Elf5 protein is localised to epithelia of exocrine glands. Immunohistochemistry with anti-Elf5 peptide antibody was performed on sections of murine kidney (A), submandibular gland (B), day 1 lactating mammary gland (C) and human stomach (D). Brown staining indicates positive staining. Features are marked as glomerulus (Gl), proximal tubule (Pt), Distal tubule (Dt), alveolus (Al), duct (Du), mucinous acini (Mu), serous acini (Se), gastric gland (Gg) and gastric pit (Gp). Magnification ×250 in A; ×400 in B–D

Full size image

Discussion

This study has shown for the first time, using specific anti-Elf5 antibodies and immunohistochemical techniques, that the protein product of the recently cloned ets gene, Elf5, is localised to subsets of epithelial cells in the kidney, mammary gland, submandibular gland and stomach. We found that Elf5 protein is expressed in epithelial cells of the cortical proximal and distal tubules in the kidney, in mammary gland epithelium and in one of the two epithelial lineages in the submandibular salivary gland. Elf5 is also expressed in two types of cell lining the body of the glands in the stomach, showing strong expression in the parietal cells with weaker expression in the chief cells.

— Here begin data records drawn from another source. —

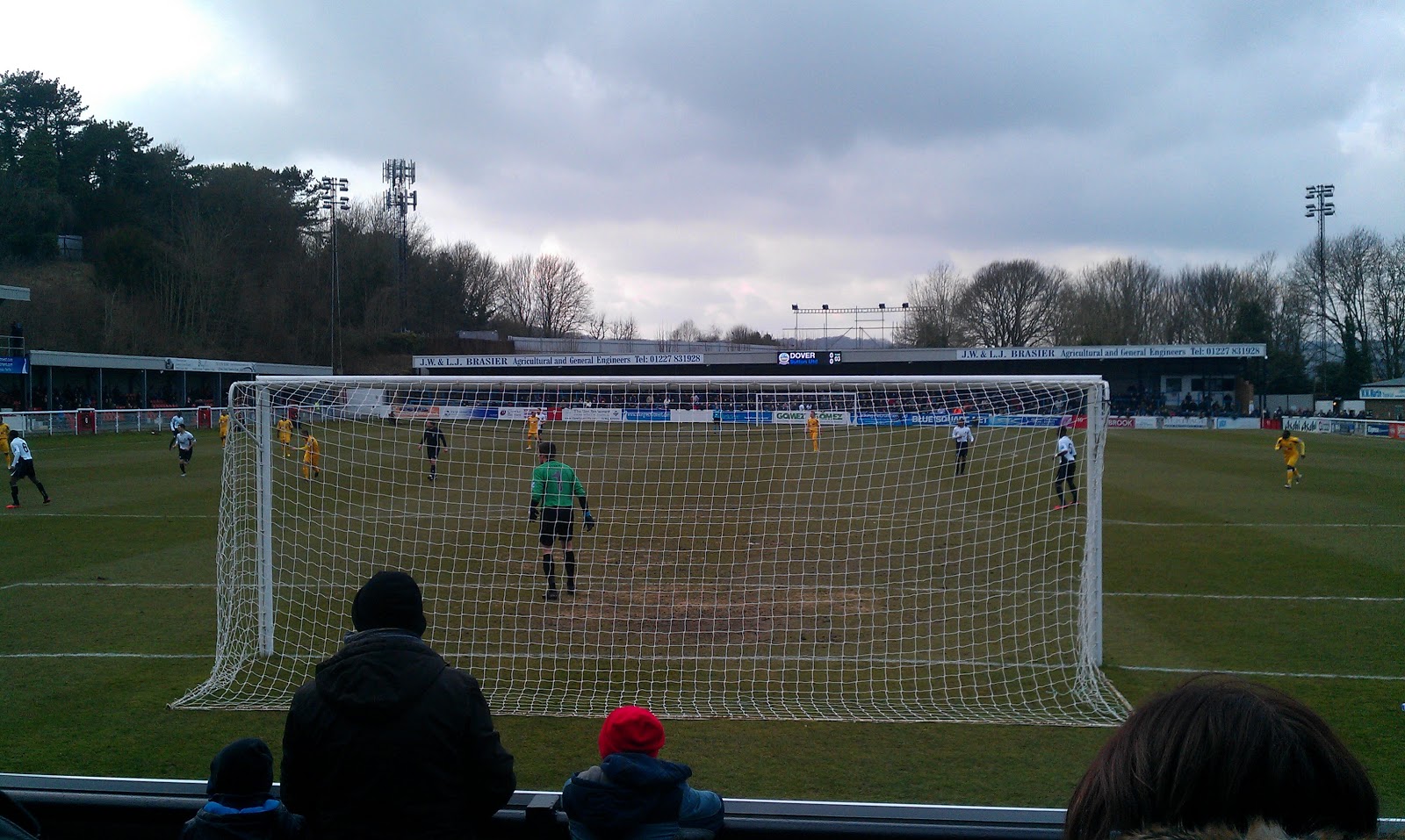 Suitably well oiled. The game itself up at Crabble was, for a bumper crowd of over a thousand, I thought one of those that you hoped more than expected to get anything out of. And it ended up being a very tense affair, like in the first half there was nothing of note that happened except for once again a couple crosses that went begging for someone to get a part of their body to and the effort of the half was when new boy Ali Fuseini hit the bar from 25+yrds just before the interval with a shot that just seemed to dip at the end.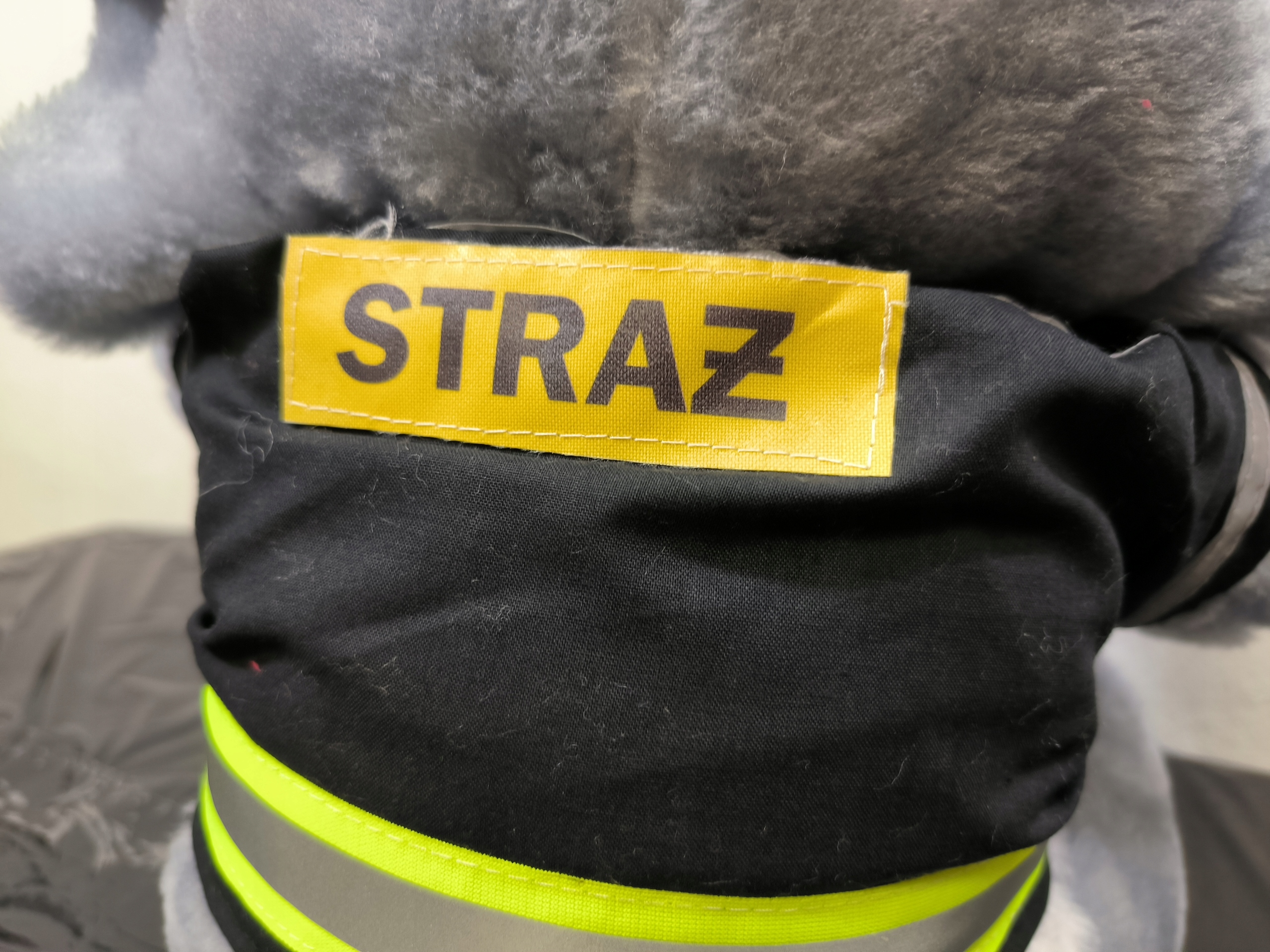 Талісман з м'якого та приємного матеріалу. Має костюм, що імітує спецодяг пожежника. Напис STRAŻ спереду та ззаду на одязі.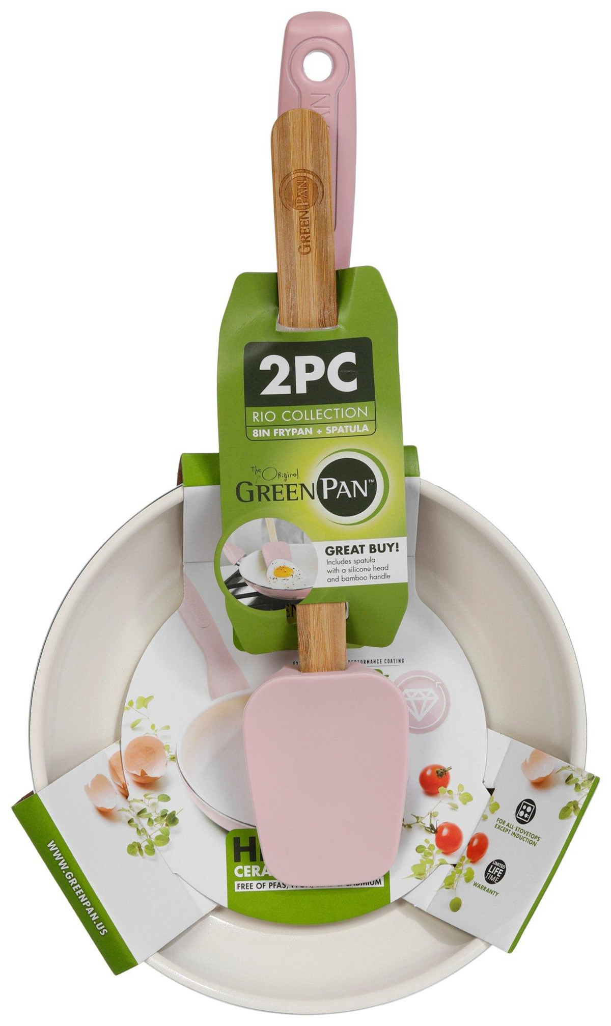 Elevate your everyday cooking with this versatile frypan set, perfect for scrambles, veggie sautés, and crispy fried fish. Featuring Thermolon healthy ceramic nonstick coating, these pans offer effortless food release and easy cleanupcompletely free of PFAS, PFOA, lead, and cadmium. The durable construction ensures even heat distribution, while the stay-cool handles provide a secure, comfortable grip on any stovetop. Includes spatula with a silicone head. Measures approximately 8 in.

Unexpectedly, Elf5 protein was not detectable by immunohistochemistry in other mouse organs in which its mRNA is expressed, including the bladder, lung and prostate (Oettgen et al. 1999; Zhou et al. 1998). There may be several reasons as to why the protein may not be detectable. For instance, our assay may not be sensitive enough to detect low levels of Elf5 or the protein may be unstable in these organs. Elf5 protein may also be undetectable due to translational control. This phenomenon has been observed regarding other ets transcription factors, particularly human Pse, where mRNA can be expressed in both normal and malignant prostatic glandular epithelium and translation takes place most efficiently in normal cells, but not at all in malignant cells. Translational control of the Pse transcript was shown to be due to regions in the 5′UTR and 3′UTR (Nozawa et al. 2000). Interestingly, two transcripts of Elf5, with differing 3′UTR sequences, have been identified in mouse (Zhou et al. 1998). As these may contain the codes for similar regulatory mechanisms, translational control is, therefore, a distinct possibility for the absence of detectable Elf5 protein in some of the tissues examined here.

In conclusion, we have shown for the first time that Elf5 protein is localised to epithelium of exocrine glands including the kidney, mammary gland, stomach and the submandibular salivary gland. The Elf5 peptide antibodies will be a useful tool in elucidating the function of Elf5 in development and disease.